Monday, July 04, 2016

Today's Congress passes a stronger environmental law than in the 1970s

So that's not supposed to happen. The 1970s were the heydays of passing environmental laws, when Republicans made something of an effort to be second-best to Democrats on environmental issues.  The idea that today's Republican Party, of all the Republican Parties, would do something more sensible than it did 40 years ago seems impossible. Still that's what the Lautenberg Chemical Safety Act represents as a major improvement over the Toxic Substances Control Act of 1976, in large part by gradually ending the "grandfathering" of chemicals in existend prior to TSCA's enactment.

This improvement is partly because it's measured against the baseline of TSCA which was one of the weakest of the major environmental laws to pass in the 70s. That may have something to do with it being one of the later ones, by which point industry had started to catch on that these laws could have a meaningful impact on their business, and moved in to keep TSCA from doing the same. Still, the craziest Republican Party in modern history improved upon it. Why?

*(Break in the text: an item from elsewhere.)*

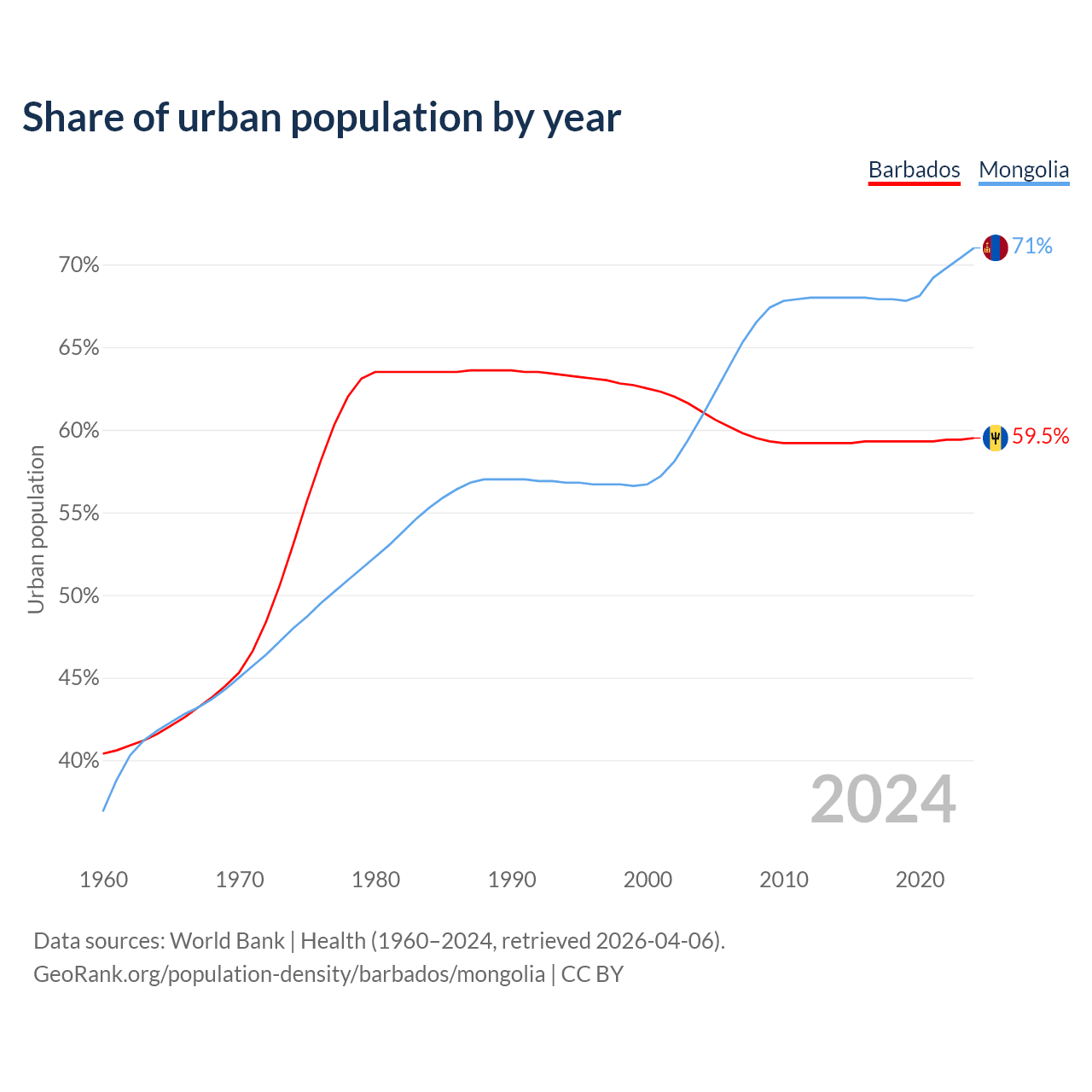 From 2004 to 2024, the share of urban population changed from 61.1% to 59.5% in Barbados and from 60.8% to 71% in Mongolia.

Environmental Defense Fund's Insider Podcast is helpful. They point out two reasons:  first that TSCA is so clearly inadequate that states began experimenting with their own regulatory controls - a mishmash of systems that did not enthuse chemical manufacturers. Second, to put it indelicately, is that cancer also kills powerful Republicans and their relatives. When a cancer has no obvious explanation, Republicans also wonder if living in at most lightly-regulated chemical soup could be problematic.

How much this translates to hope for climate change is unclear. State regulation does follow a parallel path, and one of the things enviros gave up to get the new law was easy state regulation, it's now pre-empted except through a waiver process. That may be a price for climate legislation in Congress, should it ever happen.

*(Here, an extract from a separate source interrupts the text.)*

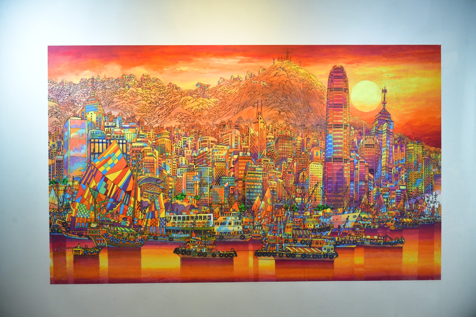展場展示多位香港、內地畫家的巨幅水墨畫作。

Perceptibly affecting powerful Republicans isn't as clear - they're already affected but don't perceive it. Maybe sea level rise will do it for coastal state Republicans, a few hurricanes from now.

3 comments:

David B. Benson said...

Unlikely any time soon in North Carolina.

Howard said...

More homeopathic prayer circles for the environmental religion. The cancer scares are just as likely caused by other factors, like longer life, genetics, and mass intake of chemicals that alter gut bacteria via smoking, drinking, sugar, white bread and red meat.

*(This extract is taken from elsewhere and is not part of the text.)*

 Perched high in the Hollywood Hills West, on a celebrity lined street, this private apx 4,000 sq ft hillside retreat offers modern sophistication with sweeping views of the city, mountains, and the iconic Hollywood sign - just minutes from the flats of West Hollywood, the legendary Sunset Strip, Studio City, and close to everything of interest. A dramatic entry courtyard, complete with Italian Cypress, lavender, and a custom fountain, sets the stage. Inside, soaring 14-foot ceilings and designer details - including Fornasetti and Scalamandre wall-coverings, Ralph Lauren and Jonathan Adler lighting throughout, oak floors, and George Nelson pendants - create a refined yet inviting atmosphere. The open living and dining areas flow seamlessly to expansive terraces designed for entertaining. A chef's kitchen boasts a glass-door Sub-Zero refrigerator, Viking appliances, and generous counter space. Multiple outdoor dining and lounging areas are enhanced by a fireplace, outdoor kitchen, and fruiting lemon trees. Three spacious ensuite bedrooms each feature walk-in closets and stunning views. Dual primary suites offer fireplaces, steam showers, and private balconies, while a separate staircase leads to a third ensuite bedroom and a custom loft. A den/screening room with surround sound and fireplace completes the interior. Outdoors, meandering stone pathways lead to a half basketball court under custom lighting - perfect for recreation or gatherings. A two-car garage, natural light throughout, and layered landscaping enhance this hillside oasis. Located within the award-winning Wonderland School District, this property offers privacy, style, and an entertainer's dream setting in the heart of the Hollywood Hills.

It would make more sense to update the clean water acts to include more controls on agricultural nutrient loading and groundwater mining. The clean air act should be amended to include local effects of toxic and particulate pollution rather than average effects... this is a serious environmental justice loophole.

THE CLIMATE WARS said...

Will this be the year a bien pensant AAAS Congressional Fellow catches up on his back issues of Science, reads

Ames, B.N., R. Magaw, and L. Gold. Ranking Possible Carcinogenic Hazards. Science 236:271-80.

and drafts The Pluripotent Carcinogenic Ethnic Food Ban of 2016 , to save us from beer, bread crust, mushrooms , pepper & pesto ?

Don't pass the popcorn- the charred bits are fullof benzopyrans.